Anne Hathaway is fine as Jane, likewise up-and-coming James McAvoy as Tom LeFroy, a young Irish lawyer-in-training banished to the country. Tom, you see, is a bit of a lad, as the British say. He likes to fight, drink, gamble and hang out in places of ill repute. This gets back to his uncle the judge, who banishes him from London temptations to stay with his rural relatives.
After he dismisses her writing at a house party, Jane decides she doesn’t much care for Mr. Lefroy and the verbal sparring begins. Meantime, Jane’s sister Cassandra has become engaged and Mrs. Austen is anxious to see her other daughter married off too. But the suitor Mrs. Austen has in mind is as dull and awkward as he is rich. Jane has other ideas, such as earning a living by her writing. Besides, she wants to marry for love, an idea that enrages her mother, who did just that and ended up living in genteel poverty. Reverend Austen overhears the conversation and the pain on his face is heartbreaking.
Tom seems to get a kick out of flustering Jane. When they met along a woodsy trail not long after the house party, she acidly remarks he should learn about the local natural attractions if he is so bored by the country. Tom eventually strikes back, catching Jane trying to sneak out of a friend’s library when she realizes he’s there. He reads aloud a suggestive-sounding passage from a book about nature while slyly eying the flustered Jane. He then suggests she read Henry Fielding’s Tom Jones, a bawdy book for its time. Surprisingly, Jane agrees, winning Tom’s admiration.

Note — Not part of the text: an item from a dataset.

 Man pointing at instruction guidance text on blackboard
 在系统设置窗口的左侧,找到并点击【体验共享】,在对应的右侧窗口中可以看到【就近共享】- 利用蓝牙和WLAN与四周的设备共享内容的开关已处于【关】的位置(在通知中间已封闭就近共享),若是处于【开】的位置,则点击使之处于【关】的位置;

Love grows slowly but surely between them. Jane begins to think she can marry for love too. The obstacle: both Jane and Tom are as poor as church mice. But Tom believes his uncle will give them his blessing when he meets Jane. After a disastrous meeting with Tom’s rich uncle, a disillusioned Jane returns home and before long, hears that Tom has a new fiancée. But Tom doesn’t want to lose his Jane. The only way they can be together is if they elope and leave everything, and everybody behind.

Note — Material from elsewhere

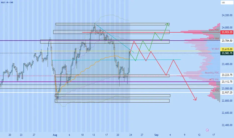 The bulls want to push the market higher while the bear wants a 2nd leg down on the daily. PA loses 20EMA then reverses up and we are approaching September where catalyst will help push the market to create new highs. We may retrace from here then move up. My bias is super bullish however not eliminating the potential of a small retracement. i.e. 50% retracement then pushes up. Just my thought process. Cheers

Is the movie art imitating reality? In real life, Jane only mentioned Tom twice in letters to her sister and his visit to Steventon was a short one. Whether their relationship was a love match or merely a flirtation will forever remain a mystery: less than 200 of Jane’s estimated 3,000 letters exist. However, romantics take heed: Tom named his first daughter Jane.
“Becoming Jane” is a sweet but slight movie, with charming characters, witty conversations and lovely landscapes (County Wicklow in Ireland stands in for the English countryside). However, it plays more like a retread of the 2005 “Pride and Prejudice” with Keira Knightley (who had also been considered for the part of Jane Austen!). So if you think you’ve seen it all before, you have.